На этом мы не остановились, стали шить и другие вещи. Например, если у ребёнка психические отклонения, но физически он здоров, он ходит в памперсе. И может вытряхнуть содержимое памперса, раздеться при людях. Поэтому нужны комбинезоны с застёжками сзади, чтобы он не смог расстегнуть и снять одежду. Или вот послеоперационные дети, которые полтора месяца лежат на распорках с деревяшкой между ног — им нужна полностью разборная одежда. Такое мы тоже шьём.
В этой сфере нет специалистов. Нет понятия даже, что особенная одежда нужна: даже если будет вся доступная среда, чтобы ей воспользоваться, ребёнка надо сначала одеть. А, например, дети с ДЦП очень спастичные (с повышенным тонусом мышц и сопротивлением пассивным движениям. — Прим. «Секрета»), и с мамы сойдёт семь потов, пока она такого ребёнка оденет. Соответственно, она чаще остаётся дома, и социализироваться ей очень тяжело.
Это не только российская проблема. Знакомая семья жила в США полгода, и подходящих вещей для детей с ОВЗ они там не нашли. Недавно к нам обратились с предложением о сотрудничестве из Варшавы — видимо, там тоже нет такой одежды.
При этом у нас всё довольно примитивное: у наших конструкторов нет опыта, и мы каждый раз вместе с ними садимся и пытаемся придумать, где расширить проймы, куда вставить дополнительные замочки и т. д.

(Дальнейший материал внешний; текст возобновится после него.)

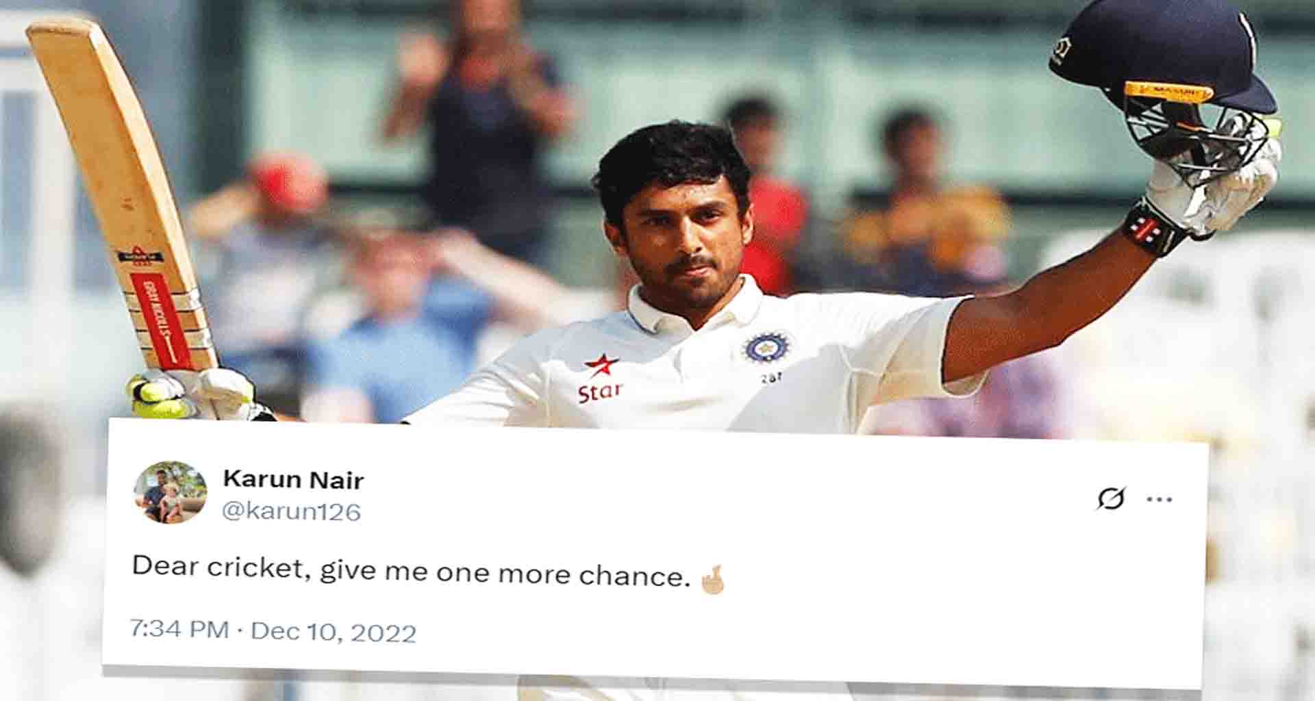 કરુણ નાયર હજુ સુધી ટેસ્ટમાં અડધી સદી ફટકારી શક્યો નથી; કરુણ નાયરે 2016 માં ભારતીય ટેસ્ટ ટીમ માટે ડેબ્યૂ કર્યું હતું. આ પછી, તેણે ઇંગ્લેન્ડ સામે ત્રેવડી સદી ફટકારી, જે આજ સુધી ટેસ્ટમાં તેના નામે નોંધાયેલ એકમાત્ર સદી છે. તેના ખરાબ પ્રદર્શનનો અંદાજ એ હકીકત પરથી લગાવી શકાય છે કે તેની એકમાત્ર સદી સિવાય, તે હજુ સુધી ટેસ્ટમાં 50 રનનો સ્કોર પાર કરી શક્યો નથી.

С фурнитурой тяжело: она должна быть качественная, надёжная. Например, замки на магнитах — как правило, они есть в Европе, а у нас нет, а пересылка очень дорогая. Из-за этого всего идёт удорожание одежды. А семьи, которые воспитывают детей с ОВЗ, часто ограничены в финансах, потому что они сидят на пенсии, привязаны к дому, иногда им вообще не до одежды, потому что они всё тратят на реабилитацию.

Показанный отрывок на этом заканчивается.